Kotka ma ok. 7 lat. Jest bardzo miła, u weterynarza bez protestów pozwoliła sobie wszystko zrobić. Nieśmiało mruczy przy głaskaniu, załatwia swoje potrzeby do kuwety.
Byłaby dobrą towarzyszką dla kogoś, kto lubi takie spokojne koty, kto chciałby mieć kota, który bez problemu zostanie w domu, kiedy idziemy do pracy, który nie rozrabia.
Jeśli więc szukasz kota, który przy Tobie będzie - ona jest idealna.
Kotka nie lubi innych kotów, nawet kociaków. Denerwują ją, syczy na nie i bije łapką, dlatego lepiej, jeśli trafi do domu bez kotów.
Kotka jest oczywiście po zabiegu sterylizacji, więc nie będzie problemu z niechcianymi kociakami.

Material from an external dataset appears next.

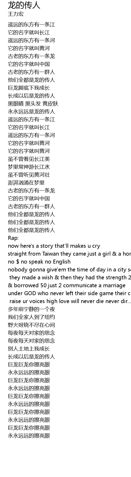 | [01:06.250] | cháng chéng yǐ hòu shì lóng de chuán rén |

Kotka po kilku latach pobytu u nas musiała niestety zostać uśpiona. Zaczęła źle się czuć, wymiotowała, mało jadła. Na USG wyszło, że ma guza. Miała ich kilka: guzy na wątrobie i węzłach chłonnych. Jedyną pociechą jest to, że odeszła w spokoju, zaopiekowana i kochana, a nie samotnie na ulicy. Nasz dom tymczasowy był jej ostatnim domem.